Auf welche Stars der Bayern denn besonders?
Es gibt einige bodenständige Spieler, die auch aus der Region kommen. Thomas Müller oder Mats Hummels, den ich schon mal kurz kennenlernen durfte in seiner Zeit bei Borussia Dortmund. Da gibt es eine schöne Geschichte, die erzähle ich Ihnen jetzt einfach.

Gerne.
Als ich vor einigen Jahren mal wieder mit meinem Auto unterwegs war, um irgendwo in Westdeutschland ein Spiel anzuschauen, habe ich mich in Dortmund mit Sven Mislintat (früher Chefscout bei Dortmund, d. Red.) getroffen. Hummels kam auf dem Trainingsgelände zu uns und sagte: "Ah, der Trainer von Heidenheim. Sagen Sie doch bitte schöne Grüße an Marc Schnatterer! Ich bin ein Riesenfan von ihm. Ich stelle ihn immer im Managerspiel auf, und er holt viele Punkte." Das hat Hummels extrem sympathisch gemacht.

Hummels verehrt Marc Schnatterer vom FC Heidenheim

Der von Hummels verehrte Schnatterer ist Ihr Kapitän. Sie sagten mal, er sei der "Traum aller Schwiegermütter".
Das stimmt. Marc spielt schon seit der Regionalliga bei uns, er war in jeder Liga Leistungsträger. Er ist ein sehr emotionaler Spieler, der über Waffen verfügt. Einen so starken rechten Fuß wie er haben nicht viele Spieler in Deutschland. Und er ist eben bei allen Müttern sehr beliebt, weil er einfach überall gut ankommt und meist die richtigen Worte wählt.

Wie wollen Sie gegen Bayern auftreten? Ähnlich wie der SC Freiburg zuletzt?
Freiburg hat es zweimal geschafft, gegen Bayern unentschieden zu spielen. Natürlich beschäftigt man sich damit. Aber wir haben unseren eigenen Stil. Und wir sind auch keine Mannschaft, die Catenaccio spielen kann. Leidenschaftlich verteidigen, den Ball erobern und möglichst schnell nach vorne spielen - das ist unser Plan.
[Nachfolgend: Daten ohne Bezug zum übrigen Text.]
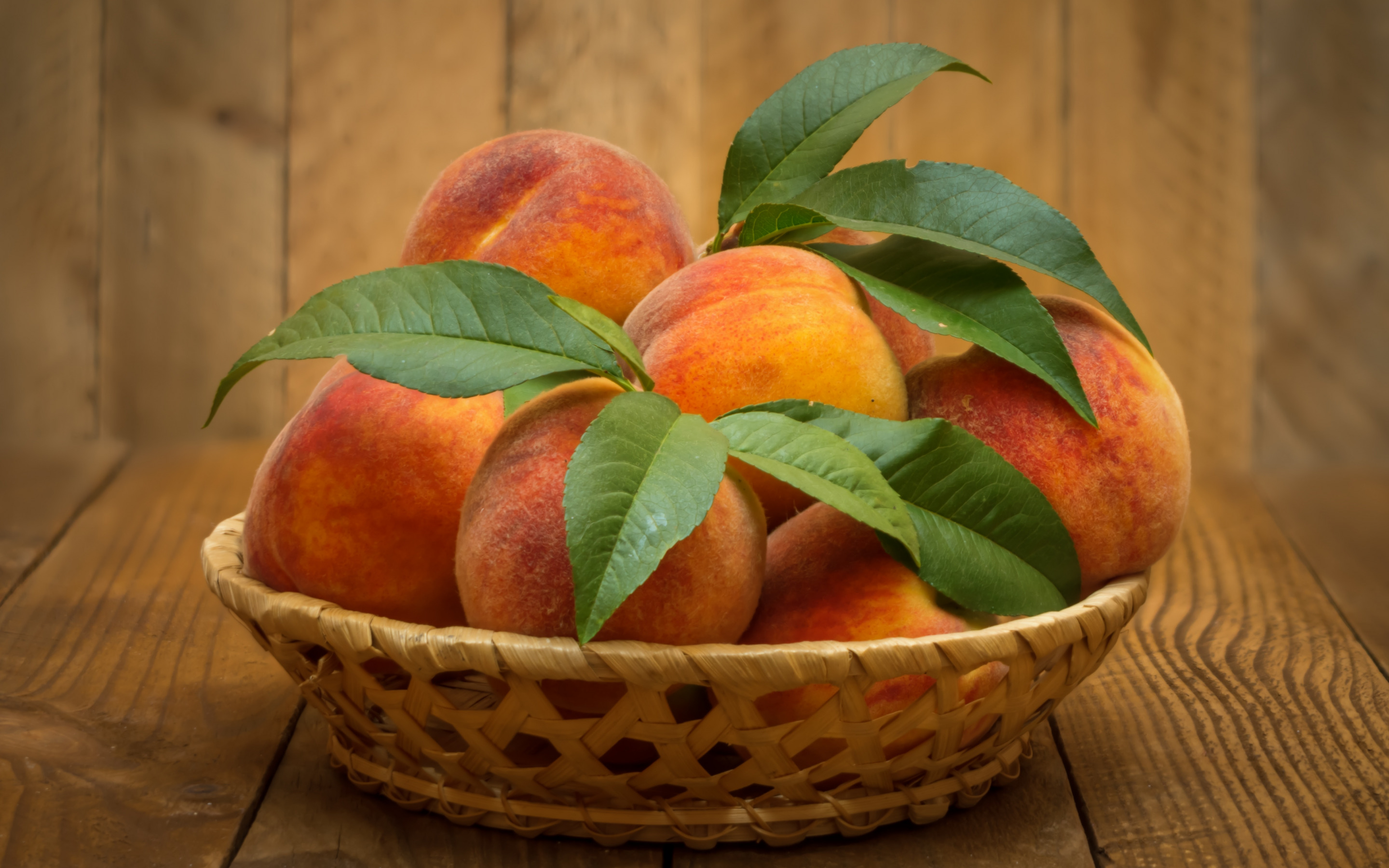 Description: A basket of peaches with leaves on a wooden table top with a wood background and a wooden wall.

Und wir wollen bei Standardsituationen gefährlich werden. Da hat Schnatterer große Qualitäten.

Schmidts Vorbilder: Volker Finke, Christian Streich und Jürgen Klopp

Sie hätten nach Ende Ihrer aktiven Karriere ja fast bei einer Versicherung angefangen.
Korrekt. Ein Freund von mir, der mir die Stelle angeboten hatte, nachdem sein Vater verstorben war, sagt mir noch heute, dass ich mindestens genauso erfolgreich bei der Versicherung gewesen wäre. Aber Fußball ist das, was ich am besten kann. Meine Passion.

Haben Sie ein Vorbild?
Am Anfang meiner Trainerkarriere habe ich gesagt, dass ich der Volker Finke von Heidenheim werden will. Heute ist es fast unmöglich, so lange bei einem Verein zu bleiben (Schmidt ist seit 2007 bei Heidenheim, d. Red). Christian Streich geht auch in diese Richtung. Was die Authentizität angeht, ist Jürgen Klopp einer, mit dem ich mich identifizieren kann. The Normal One. Aber ich möchte niemanden kopieren.
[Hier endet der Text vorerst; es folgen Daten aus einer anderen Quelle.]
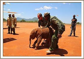 The orphans headed out to browse after taking their morning supplement. A report of a wild elephant calf stuck in mud along the Mombasa/Mzima pipeline was then received but by the time the rescue team arrived, there were no wild elephants nearby and it appeared that the calf had been there all night, its family having given up hope of retrieving it. Having extracted the male calf, he was driven to the Voi Stockades in the back of the Trust pickup. He was given water while we awaited the arrival of the Nairobi Nursery DSWT team to airlift him back to the Nursery. After the plane carrying the Nairobi team of Keepers landed at Voi, the calf was fed a bottle of formula milk and prepared for the flight back. It was not long before he settled down in the Nursery despite all the trauma he had been through, thanks to the input of “Mbegu” who was in the next door stable. H was given the name “Kwama”, the Swahili word meaning ‘to be stuck’.
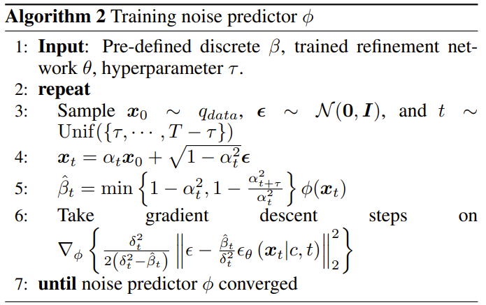 - 해당 scheduling method는 WaveGrad의 grid search나 DiffWave의 fast sampling보다 우수한 성능을 보임 - 여기서 noise predictor는 continuous noise schedule $\hat{\beta}\in \mathbb{R}^{T_{m}}$을 iteratively derive 함
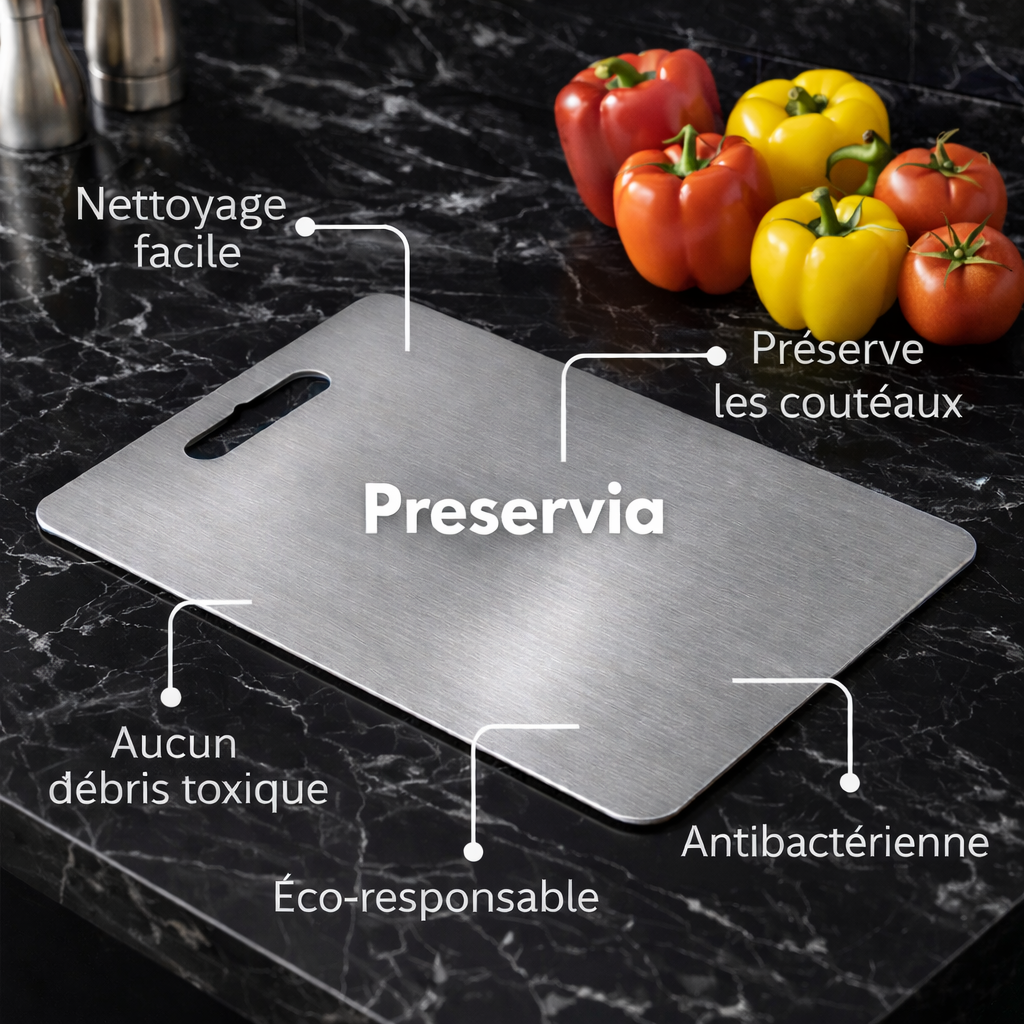 La planche à découper PRESERVIA en titane incarne l’excellence absolue : une surface ultra-hygiénique, indestructible et sans micro-plastiques, pensée pour ceux qui refusent le compromis entre santé, performance et élégance.

Herr Schmidt, ganz ehrlich: Was passiert bei einem Sieg?
Ich überlege mir besser nichts. Als wir neulich das Spiel gegen Union Berlin gedreht haben, war ich mit meinen Jungs bei den Fans und habe den Diver gemacht. Dabei habe ich mir die Rippen geprellt und konnte zwei Wochen nicht schlafen. Klar: Wenn das Wunder passiert, wird uns was einfallen. Denn feiern können wir in Heidenheim auch.